On Sat, May 27, 2006 at 05:13:21PM -0400, Kumba wrote:
> Finally managed to track down the git commit causing SGI IP32 (O2) systems
> to lock up really early in the boot cycle, but I'm at a loss to understand
> why.
>
> Effect:
> It appears the system silently hangs somewhere in the void between function
> calls when trying to invoke the memset() call in __alloc_bootmem_core() in
> mm/bootmem.c. This puts the machine hardware in a state such that a simple
> soft reset doesn't clear it -- the machine has to be cold booted to get it
> to boot a working kernel again.
>
> Determined Cause:
> It seems this commit:
> 78eef01b0fae087c5fadbd85dd4fe2918c3a015f
> [PATCH] on_each_cpu(): disable local interrupts
>
> Is the cause.
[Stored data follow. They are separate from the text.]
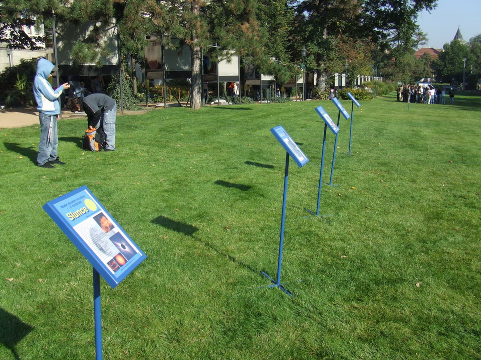 Stanoviště bylo opět umístěno kolem fontány před vchodem do Západočeského muzea a v přilehlých Šafaříkových sadech. Tento výběr není náhodný. Jedná se totiž o jedno z mála míst v plzeňském sadovém okruhu, ze kterého je po celý den vidět Slunce, jehož pozorování bylo součástí programu H+P Plzeň. Ale nejenom pozorování Slunce mohlo lákat návštěvníky k prohlídce našich expozic. Bylo by asi zdlouhavé vyjmenovávat jednotlivé experimenty či jmenovat jednotlivé exponáty, protože jich bylo opravdu hodně viz. přiložené fotografie, ale za zmínku určitě stojí připomenutí výstavy věnované problematice světelného znečištění, kterou reprezentovala H+P Plzeň, nebo Markovy pokusy s tekutým dusíkem ve stánku Hvězdárny v Rokycanech. Neměl bych ale taky zapomenout na úchvatné Coca-Colové gejzíry před stanem Katedry obecné fyziky, které dokreslovaly velice pěknou kulisu kašny před muzeem.
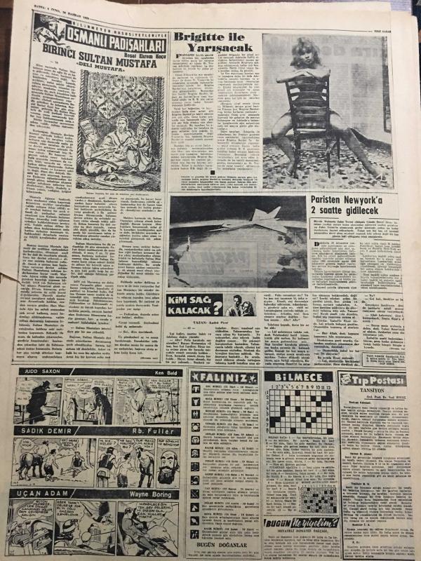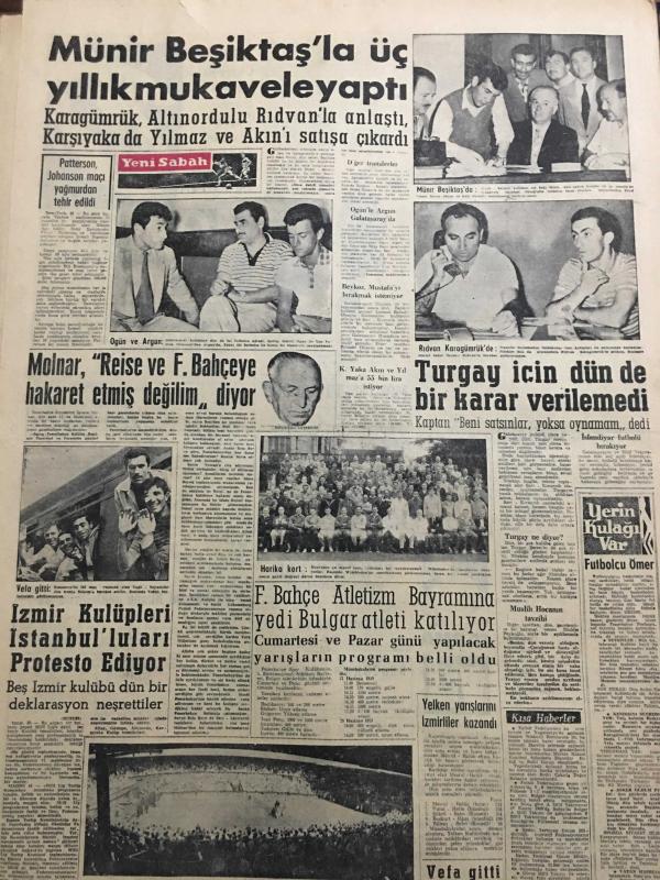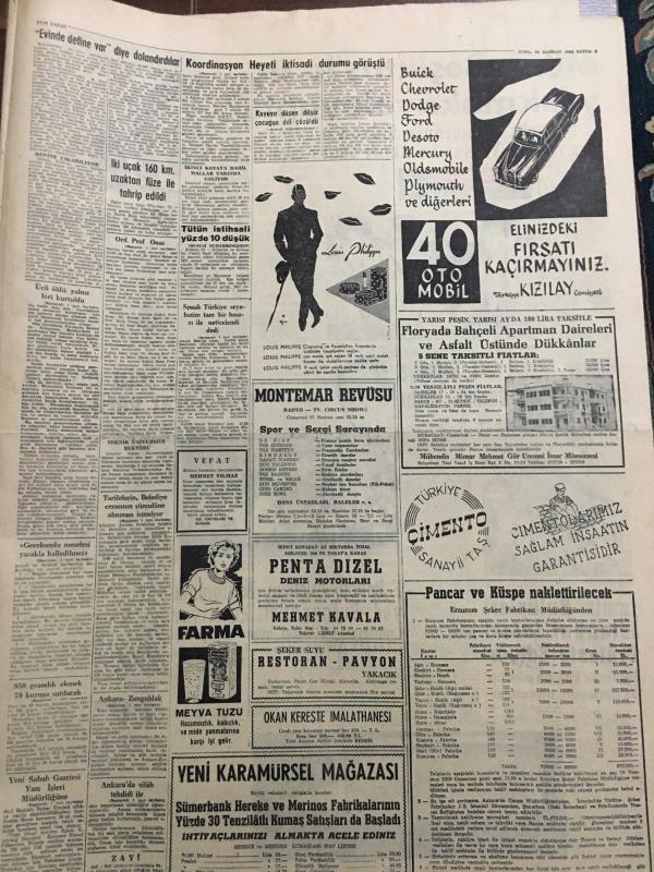 YENİ SABAH GAZETESİ 26 HAZİRAN 1959 YIL :22 SAYI :7294--Koordinasyon Heyeti iktisadi durumu görüştü --Ord.Prof.Onar ,İstanbul Üniversitesi Rektörü oldu ---950 Gramlık ekmek 70 kuruşa satılacak ---Üçü öldü yalnız biri kurtuldu --Evinde define var diye dolandırıldılar --Gecekondu meselesi yasakla halledilmez ---Rhein nehrinde :Siyavuşgil --Esrar satan bir aile birlikte mahkum oldu ---İstanbul Rehberi ---İş bulma kurumundan iş isteyenler çoğaldı --3. İstimlak yolsuzluğa davasında maznunlar hakimler dava ettiler ---Münir Beşiktaş la üç yıllık mukavele yaptı --Molnar ,Reise ve Fenerbahçe ye hakaret etmiş değilim diyor ---Turgay için dün de bir karar verilemedi --İzmir Kulüpleri İstanbulluları protesto ediyor ---Fenerbahçe Atletizm Bayramına Yedi Bulgar Atleti Katılıyor ---Spaak ,Türkiye seyahatim tam bir başarı ile neticelendi --2. Kota da 28 bin ton ithal malı geliyor ---Üç bir olup da bir çobanı öldürdüler --, SAFA KILIÇLIOĞLU tarafından kaleme alınmıştır. Kitap 1959 yılında [YENİ SABAH MATBAA] o ISBN kodu ile yayınlanmıştır. 6 sayfadır. YENİ SABAH GAZETESİ 26 HAZİRAN 1959 YIL :22 SAYI :7294--Koordinasyon Heyeti iktisadi durumu görüştü --Ord.Prof.Onar ,İstanbul Üniversitesi Rektörü oldu ---950 Gramlık ekmek 70 kuruşa satılacak ---Üçü öldü yalnız biri kurtuldu --Evinde define var diye dolandırıldılar --Gecekondu meselesi yasakla halledilmez ---Rhein nehrinde :Siyavuşgil --Esrar satan bir aile birlikte mahkum oldu ---İstanbul Rehberi ---İş bulma kurumundan iş isteyenler çoğaldı --3. İstimlak yolsuzluğa davasında maznunlar hakimler dava ettiler ---Münir Beşiktaş la üç yıllık mukavele yaptı --Molnar ,Reise ve Fenerbahçe ye hakaret etmiş değilim diyor ---Turgay için dün de bir karar verilemedi --İzmir Kulüpleri İstanbulluları protesto ediyor ---Fenerbahçe Atletizm Bayramına Yedi Bulgar Atleti Katılıyor ---Spaak ,Türkiye seyahatim tam bir başarı ile neticelendi --2. Kota da 28 bin ton ithal malı geliyor ---Üç bir olup da bir çobanı öldürdüler -- adlı eser Türkçe dilindedir.
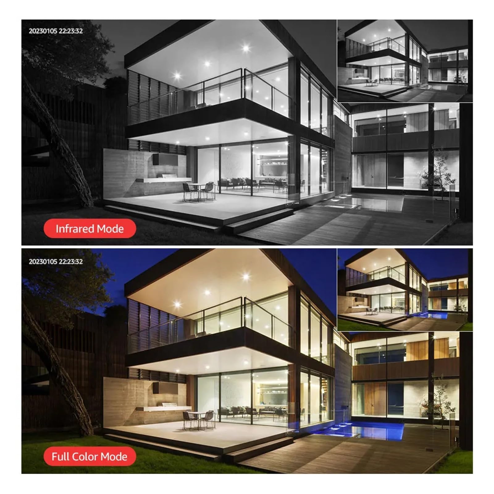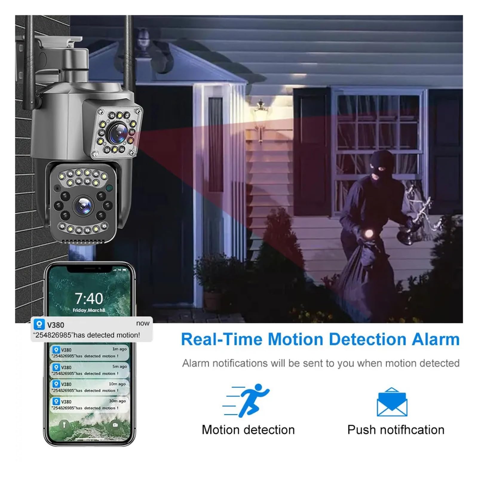【Full-color night vision + intelligent alarm, round-the-clock protection without slackening】: Equipped with red and white lights, it can switch between full-color / red light night vision modes, presenting clear and vivid night images; AI human shape detection accurately identifies anomalies, sending real-time alerts and automatically recording videos, enabling early detection of potential safety hazards.
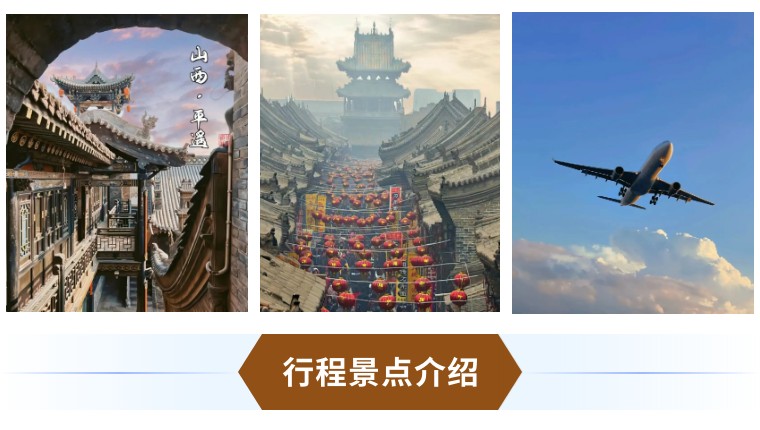 早餐之后游玩【平遥古城】,让我们穿越再古香古色的街道上,体验晋商文化,日升昌票号中国第一家银行,中华第一镖局,古城墙,县衙等等……11点半酒店集合前往太原送站。晋陕之行画上圆满句号,各自返程。

I've verified this by reversing this one change on a
> 2.6.17-rc4 tree, and it'll boot to a mini-userland (initramfs-based) and
> appears to function normally.
>
>
> But this is as far as I can trace this. I'm not sure what this change is
> doing internally that's triggering this lockup on O2 systems. It doesn't
> appear to affect Octane (IP30) systems or Origin (IP27). I haven't
> test-ran it on IP22/IP28 hardware yet, so only IP32 is known to be
> affected. Unsure about non-SGI MIPS hardware.
on_each_cpu is re-enabling interrupt. This may crash the system if it
happens before interrupt handlers have been installed. A while ago I've
fixes all such calls but I may have missed some instances.
Andrew, what was the reason for 78eef01b0fae087c5fadbd85dd4fe2918c3a015f ?
Ralf
|